Cognos launched its BI 8 Suite on September 14th calling for Consolidation and Standardization in the BI industry. Cognos put the case forward that it was the 1 to consolidate 2 with the following arguments:
1)it was extending its successful browser based Reportnet framework across its product lines – OLAP, MetricMeasures, Scorecarding, and the new Events and Notification services would all be browser based;
2)Indeed there would be greatly improved Event and Notification Services and they would work across all Cognos products;
3)Metadata Services would also be improved and extend across the Cognos BI Suite;
4)Although Powerplay and Impromptu and other desktop products would be improved and continued for the next two to three years, the thrust of development would be on the Web-based Suite.
Cognos made the announcement very palatable for existing customers – the upgrade would be free. New customers would be paying Impromptu, Powerplay, MetricMeasure or equivalent prices but would find they had considerably enhanced capabilities in the Suite setting. It is an intriguing offer.

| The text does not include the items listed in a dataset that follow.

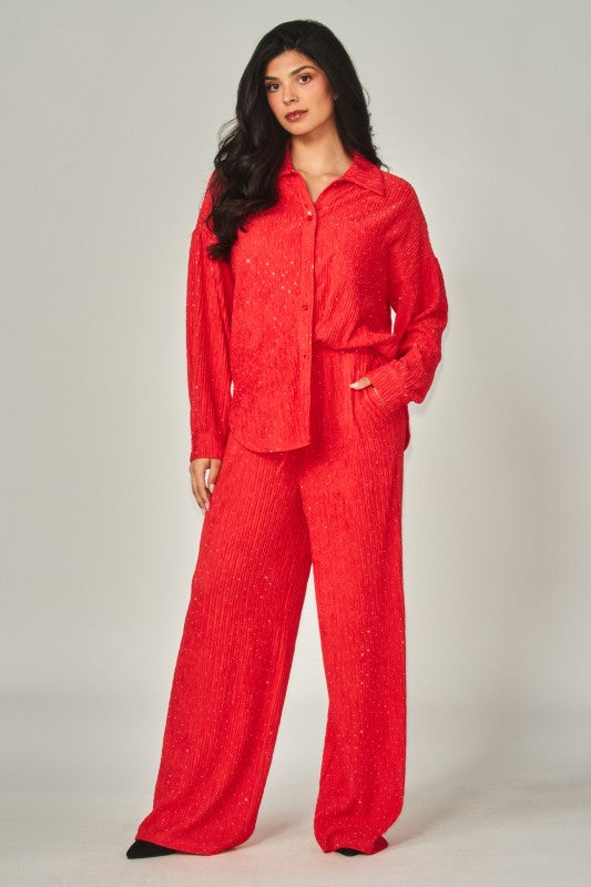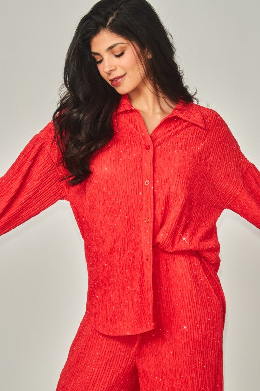 2 Piece set. Crinkled Rhinestone Collared Long Sleeve Blouse, Wide Leg Pants. button down top and flowy bottoms - lounge wear set 92% Polyester, 8% Spandex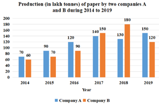 The average production of paper by company B in 2014, 2017 and 2018 was \(13\dfrac{1}{3}\%\) less than the production of paper by company A in the year: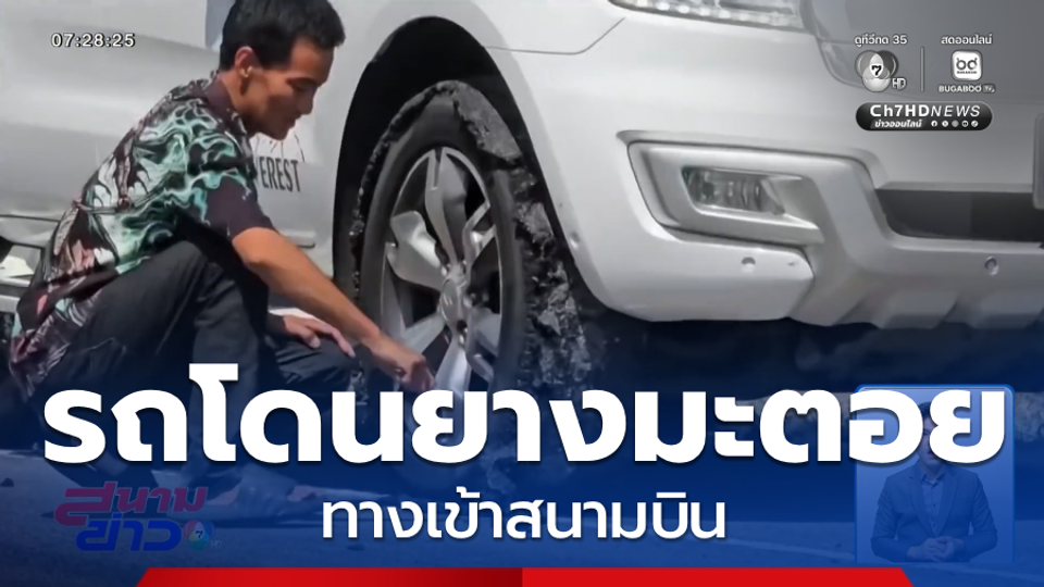 สนามข่าว 7 สี - ความทุกข์ร้อนประชาชนที่มาใช้บริการท่าอากาศยานร้อยเอ็ด เดือดร้อนหนัก หลังมีการทำถนนลาดยางมะตอยบริเวณทางเข้า-ออก แล้วไม่แบ่งเลนเหลือให้รถวิ่ง ทำให้รถทุกคันที่ขับเข้ามาในสนามบินโดนยางมะตอยติดเต็มล้อทุกคัน แล้วใครจะรับผิดชอบ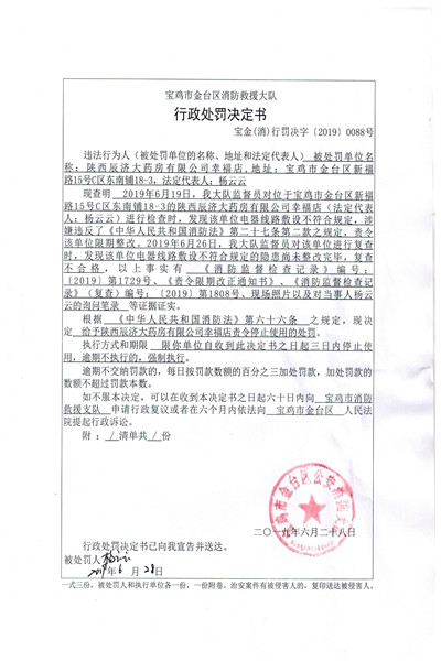 给予陕西辰济大药房有限公司幸福店责令停止使用的处罚

Front End For Enterprise Applications
In effect, Cognos and the other BI Vendors are saying to IT Shops – lets us be the Front End and Presentation layer for your operational Enterprise stack: ERP, SCM, CRM, HRM, FRS, etc. All of these tools need sophisticated analysis, reporting and presentation services – why quadruplicate the effort with proprietary reporting and analysis systems – use us across all your systems. And to make that easier and more palatable Cognos (and many other BI vendors) promise:
1)open access to all major databases, OLAP services, and Web Services;
2)cross platform availability of servers on Windows, Linux, and major Unix platforms;
3)cross platform availability of interaction through Web-browser interfaces;
4)cross platform availability of output through a number of media-HTML, PDF, Flash, Java Applet/Help, Excel Spreadsheet;
5)cross application metadata services;
6)cross platform notification and event services;
This is an impressive array of cross platform and consolidated services. What is is missing is standards for these services – there are some such as XMI in metadata; ODBC/JDBC in elational data access; MMX in OLAP processing, etc. But there remains a long way to go.
For example, in the area of multi-database joins only relational databases are close to operational let alone performance optimized status. In the meantime XML, object, and hierarchical databases associated with blogs, content mangement and other enterprise stack applications are showing a resurgence. And there are issues with cross platform administration/management routines plus cross platform batch scripting/coding of BI and presentation operations.
Also with the possible exception of SAS, no major BI vendor covers all three tiers of BI comprehensively – 1-Reporting/Scorecarding/Metrics, 2-Analysis coupled to Predictive Modeling and Estimation, plus 3-What If/Whats Best Decision Support with Optimization. So the call to consolidate and rationalize may be a bit premature in a number of BI sub-segments.
At a Crossroads with Redmond
Cognos is not the only vendor that is supporting a Web browser and server centric approach to BI Presentation and Analysis. But with their browser based Suite 8 with all its Studio interfaces for developers using a Web browser approach, Cognos is bringing a browser primarily approach to Enterprise Presentation and Analysis. This is at odds with Microsofts Smart Client framework. And probably helps to explain why Microsoft is currently giving away for free a complete BI stack (ETL, reporting, notification, OLAP and analysis). It also might help explain how Cognos support for Excel and new Office capabilities incurs religious wars within Cognos (and let me assure you a lot of other ISV shops that have to deal with Redmond). Use the following – Cognos support for Report Studio, Analysis Studio, and Event Studio are all IE-browser exclusively based unlike the rest of BI 8 Suite which use/support Netscape 7.x and Firefox 1.0x as well as IE. How quickly Cognos expands those tools while making them truly cross browser will measure their ability to move independently of Redmond.
In sum, Cognos Suite 8 is an impressive offering especially for existing and soon-to-commit customers. It signals what has been happening in the BI industry with their savvy for both back office data integration and cross platform presentation layer delivery – Cognos and BI vendors are making a case for being a primary Enterprise Presentation Framework/Service for the enterprise.